Electrophysiology and pacing (EP) involves the diagnosis and treatment of arrhythmias (abnormal heart rhythms), including atrial fibrillation.

When someone’s heart doesn’t beat normally, doctors use electrophysiology studies to find out why. Heart attacks, aging, high blood pressure, congenital (present from birth) defects, and other factors may cause your heart to beat abnormally fast or slow.

EP studies assess the electrical conduction system of the heart. A physician specially trained in electrophysiology places small catheters through blood vessels into the heart to identify rhythm problems. The results help physicians determine the best treatment options.

Treatments for Arrhythmia

Depending on your arrhythmia type, treatment options could include medicine (or a change in medication), a pacemaker, an implantable cardioverter defibrillator (ICD), or cardiac ablation.

EP procedures take place in the state-of-the-art electrophysiology lab on the second floor of Lancaster General Hospital.

  • Pacemaker: A permanent pacemaker is a small device that sends electrical impulses to start or regulate a slow heartbeat. This device is usually implanted in the chest area, just under the collarbone. A pacemaker may be used if the heart’s normal electrical conduction system is not working properly, or if the conduction system is blocked.
  • Defibrillator: An implantable cardioverter defibrillator (ICD) looks similar to a pacemaker, though slightly larger. It works very much like a pacemaker, sending out a low-energy shock impulse that resets an abnormal heartbeat back to normal. It is also able to send out a high-energy shock impulse if the heart develops a severe arrhythmia.
  • Biventricular (BIV) Therapy: Another specialized pacemaker, a biventricular pacemaker, is used to help resynchronize the ventricles (the two large chambers of the heart). A third lead is placed on the surface of the left ventricle which enables the heart to contract more effectively. This type of treatment is called resynchronized therapy (CRT).
  • Lead Extraction: Over time, it may be necessary to remove pacemaker and defibrillation leads due to scarring that occurs around the leads. Lancaster General Health experts trained in transvenous lead extraction perform this minimally invasive procedure.

What to Expect

EP procedures take place in the state-of-the-art electrophysiology lab on the second floor of Lancaster General Hospital. EP procedures take place in the state-of-the-art electrophysiology lab on the second floor of Lancaster General Hospital. Prior to the study, we will carefully explain potential risks, review any preparation you may need, and answer your questions. Afterwards, we will make sure you understand how to care for any incision site, and provide other follow-up information.

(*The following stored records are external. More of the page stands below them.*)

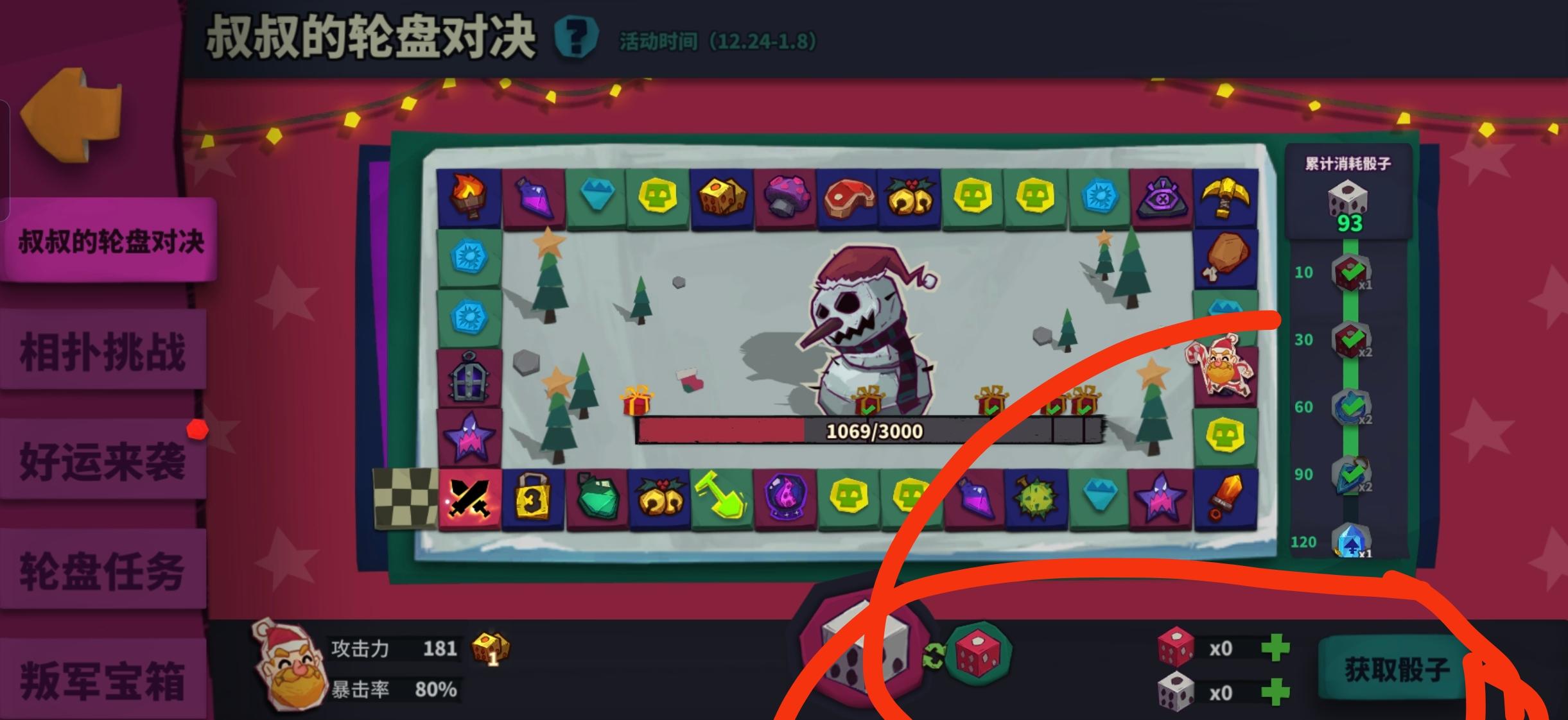叮叮当,叮叮当~圣诞节即将到来!新活动“叔叔的轮盘对决”已就位,快来和叔叔一起挑战雪人Boss吧!▍活动规则在本次活动中,骑士们需要投掷骰子,根据骰子掷出的点数在轮盘上行动。骰子可通过轮盘任务和礼包获得。(礼包中包含有功能更强的遥控骰子)棋盘上分布有不同的格子,不同的格子上会刷新各种基础奖励、增益道具和减益道具,骑士们需要合理规划自己的行动路线~部分增益道具:五回合内,若投掷的点数<3,
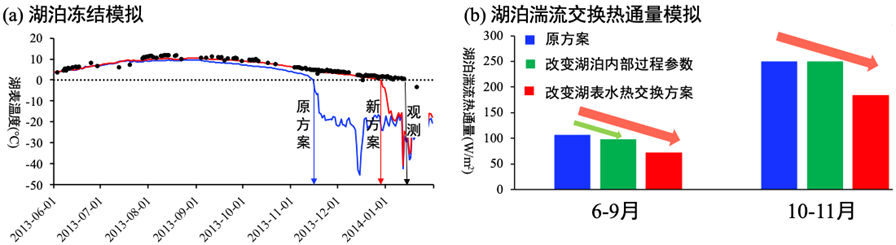 图2 (a)纳木错的观测与模拟的冻结时间对比;(b)湖泊内部过程参数和湖表水热交换方案在不同阶段的湖泊湍流交换热通量变化(根据论文,图片作适当修改)
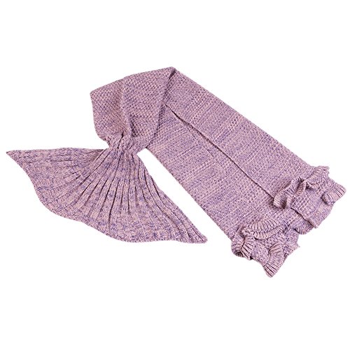 Sirena coda coperta aria condizionata coperta sacco a pelo Slumber sacco fatto a mano in poliestere a crochet modello Seasons Warm Soft Cozy in divano letto soggiorno trapunta Best Birthday Christmas Gift for Toddler Kids adulto, kids pale pinkish gray 53*25.6inch
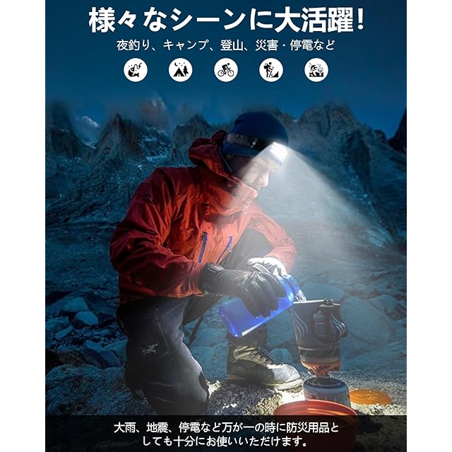 【防塵・防滴仕様でアウトドアや緊急時にも最適】IPX4相当の防滴・耐塵設計で、登山、夜釣り、キャンプ、散歩、災害時、停電などあらゆるシーンで活躍。アウトドア愛好者から防災準備まで、1台で多目的に対応します。
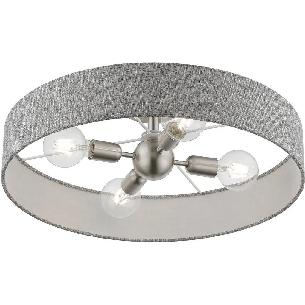 4 Light Brushed Nickel with Shiny White Accents Large Semi-Flush
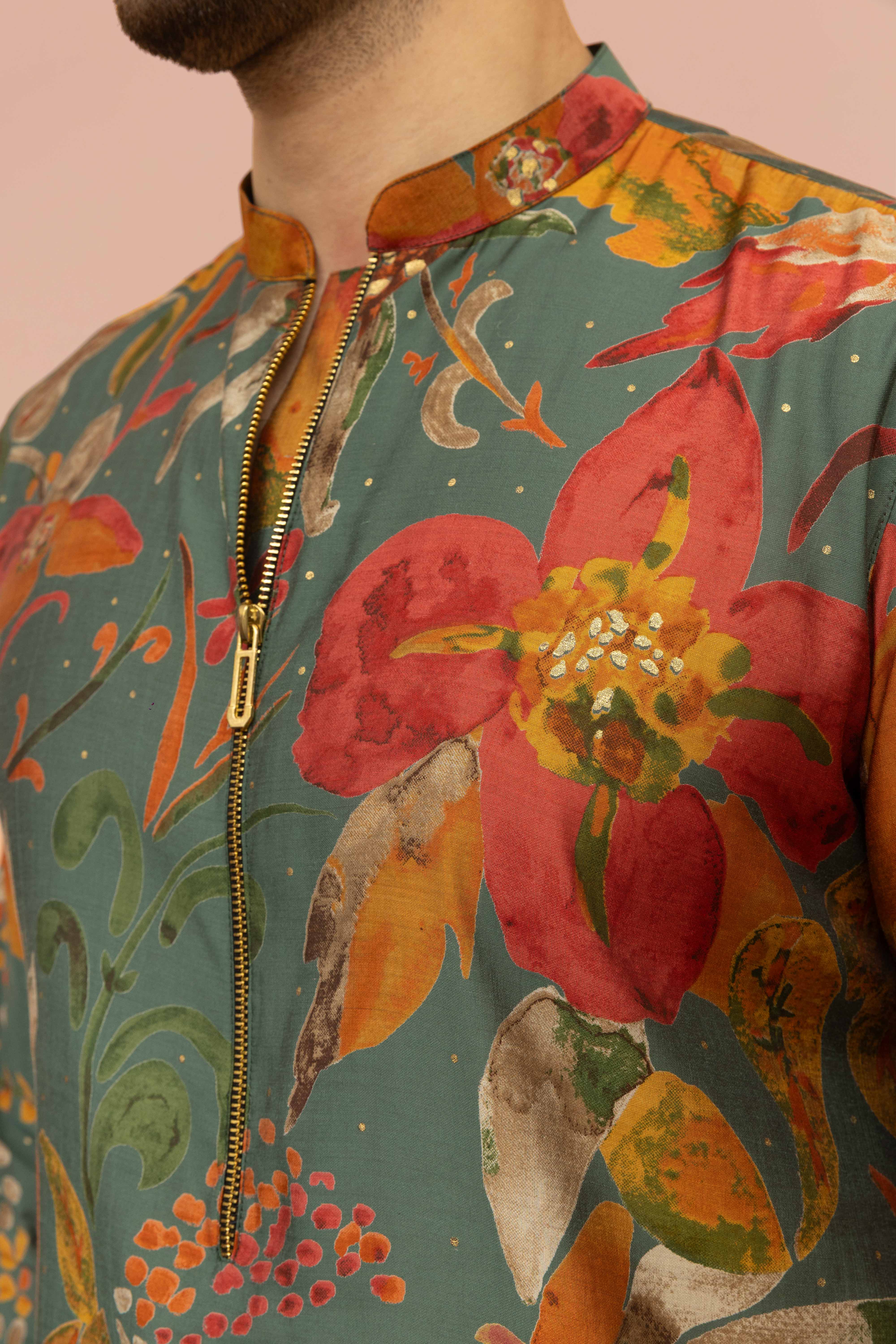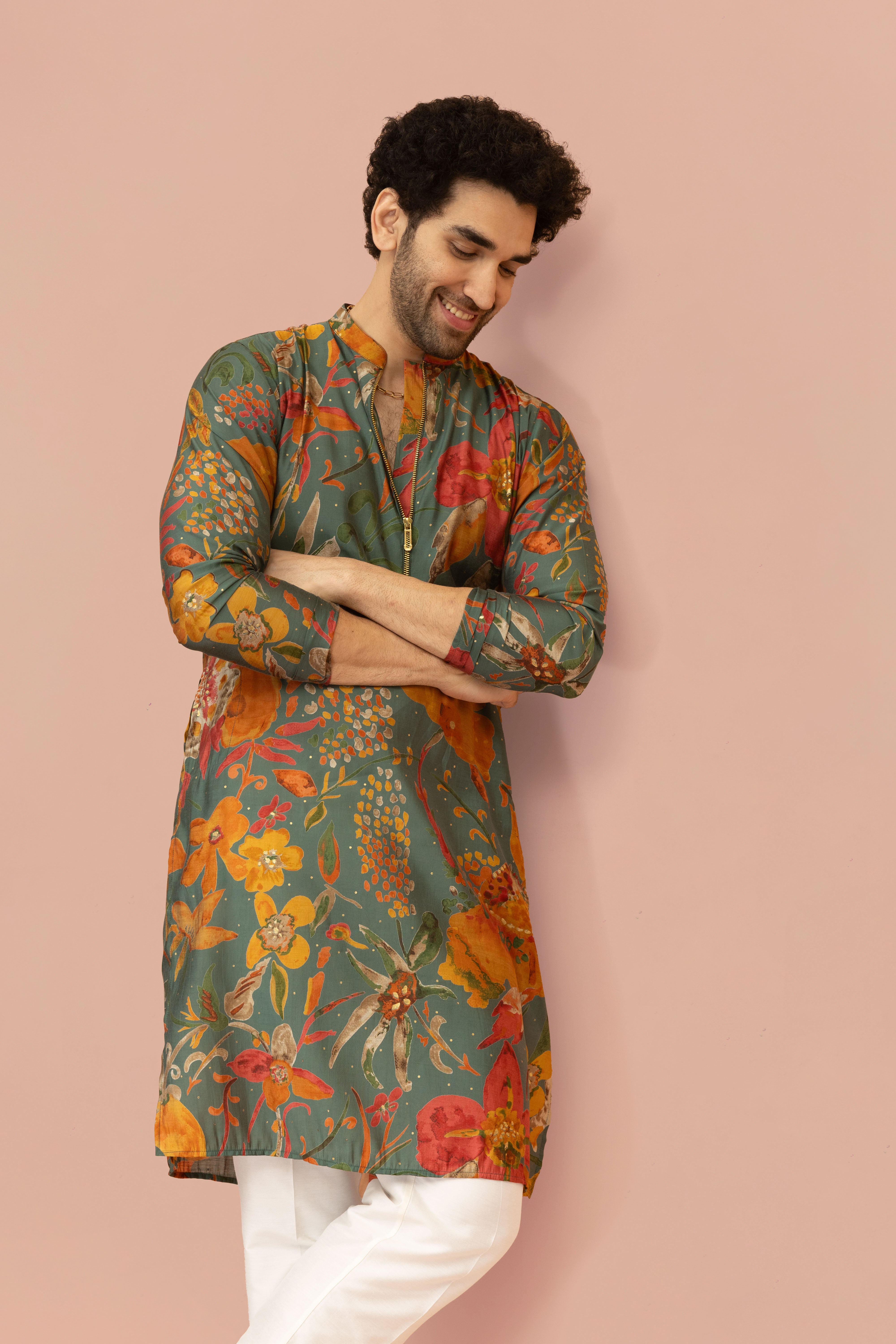 Men Multi Abstract Fluid Print Kurta Trouser Set

Preparation: You will be asked to not eat or drink anything other than water starting at midnight before the day of your procedure. Your physician will give you specific instructions regarding medications prior to the procedure. If you are not given any instructions, please continue taking your medications as you normally would. On the day of the procedure, an IV (intravenous line) will be started for any medications needed during the procedure. Your groin area will also be shaved to allow the physician to place catheters in your heart. Family members will be asked to stay in the Sky Light waiting area. A pager will be given to them and the nurse will keep them updated throughout the procedure.

During Your Procedure: You will be lifted on to a special X-ray table. Electrode patches will be placed on your back and chest. You will also receive arm pads, leg pads, and a warming blanket. At this time you will be sedated or placed under general anesthesia. You will then be prepped with a cleaning solution, and a sterile drape will be placed over you. Your electrophysiologist will then insert catheters (small flexible tubes) into your veins or arteries which will then be advanced into your heart using an X-ray system. The catheters will allow recording and testing of your heart’s electrical system.

After Your Procedure: When the procedure is complete, catheters will be removed, and pressure placed over your blood vessels to stop any bleeding. You will need to be in bed with your leg straight for about three hours. Your nurse will observe the catheter site and measure your blood pressure throughout your stay. You will be able to eat and drink following your procedure. Your IV will be discontinued when ordered by your physician. Your electrophysiologist will talk to your family following the procedure and to you when you are fully awake. At this time, the results of the procedure and your care plan will be explained.